# [Exercise requirements]
Exact copy, no pictures: return only the lines below from the line with "事例1:<ベルト搬送>金属部品の急傾斜を省スペースでクリア" up to and including the line with "Tarifas expresadas en".

# [The records]
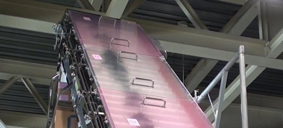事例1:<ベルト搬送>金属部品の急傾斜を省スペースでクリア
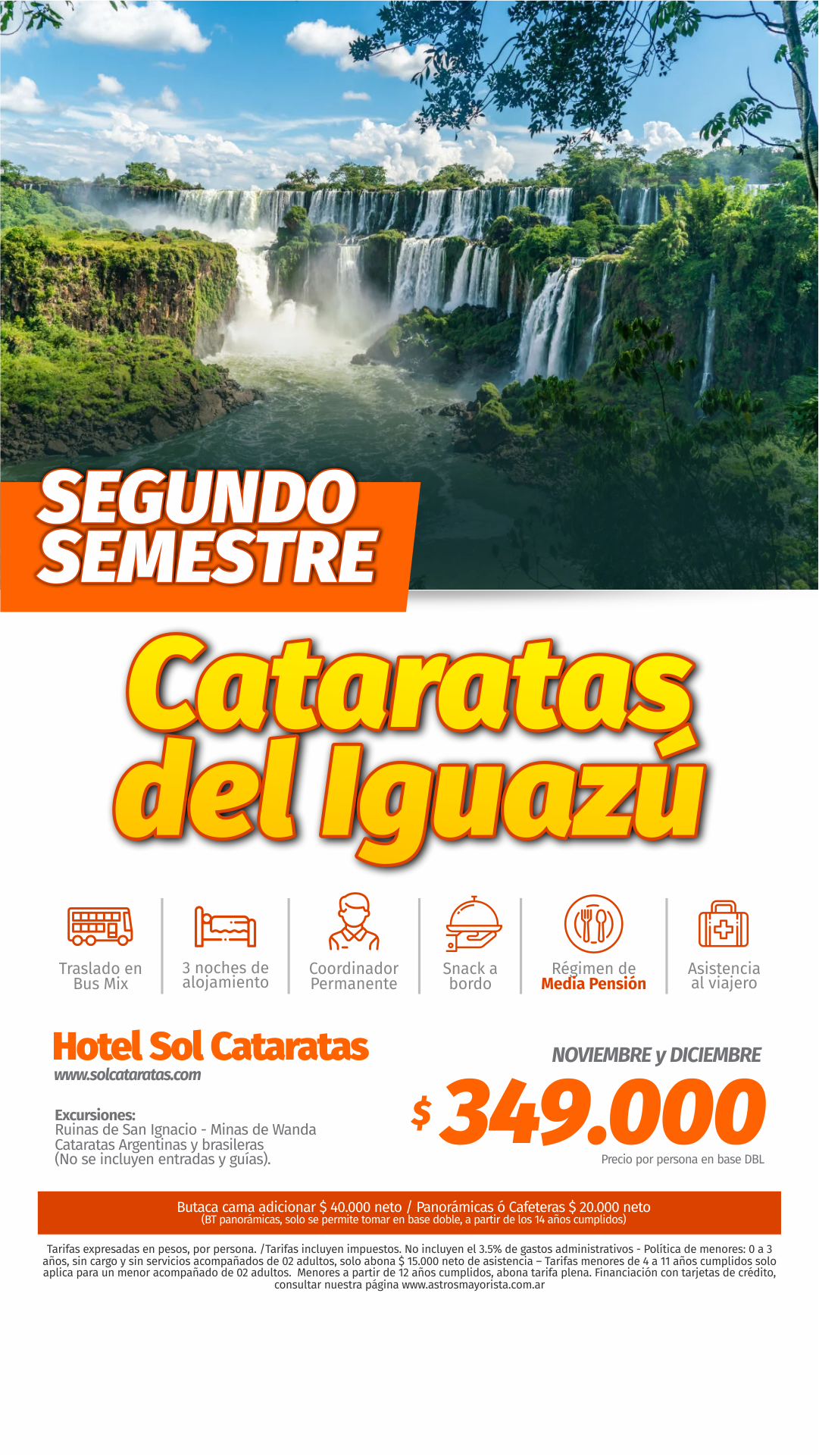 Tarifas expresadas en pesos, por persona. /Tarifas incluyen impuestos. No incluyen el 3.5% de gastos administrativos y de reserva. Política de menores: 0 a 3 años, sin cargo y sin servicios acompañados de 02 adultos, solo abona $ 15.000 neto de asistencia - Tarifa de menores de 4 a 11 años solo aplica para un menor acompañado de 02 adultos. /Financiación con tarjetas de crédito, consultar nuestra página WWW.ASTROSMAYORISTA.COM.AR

* * *

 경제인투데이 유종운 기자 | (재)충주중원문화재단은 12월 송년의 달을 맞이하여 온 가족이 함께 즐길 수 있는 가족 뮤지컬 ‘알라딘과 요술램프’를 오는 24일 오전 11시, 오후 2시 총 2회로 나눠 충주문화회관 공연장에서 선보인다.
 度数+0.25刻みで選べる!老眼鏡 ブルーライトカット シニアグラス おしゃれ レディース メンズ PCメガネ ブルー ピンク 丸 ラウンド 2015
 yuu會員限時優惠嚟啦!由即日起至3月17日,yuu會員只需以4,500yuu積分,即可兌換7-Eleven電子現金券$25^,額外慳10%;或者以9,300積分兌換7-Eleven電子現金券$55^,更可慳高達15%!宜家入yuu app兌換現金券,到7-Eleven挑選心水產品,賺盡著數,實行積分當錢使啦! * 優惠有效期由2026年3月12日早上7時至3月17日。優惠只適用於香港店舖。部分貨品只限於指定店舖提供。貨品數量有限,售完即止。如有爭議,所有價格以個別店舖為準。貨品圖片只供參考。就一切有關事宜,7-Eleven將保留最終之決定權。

# [Task response]
事例1:<ベルト搬送>金属部品の急傾斜を省スペースでクリア
 Tarifas expresadas en pesos, por persona. /Tarifas incluyen impuestos. No incluyen el 3.5% de gastos administrativos y de reserva. Política de menores: 0 a 3 años, sin cargo y sin servicios acompañados de 02 adultos, solo abona $ 15.000 neto de asistencia - Tarifa de menores de 4 a 11 años solo aplica para un menor acompañado de 02 adultos. /Financiación con tarjetas de crédito, consultar nuestra página WWW.ASTROSMAYORISTA.COM.AR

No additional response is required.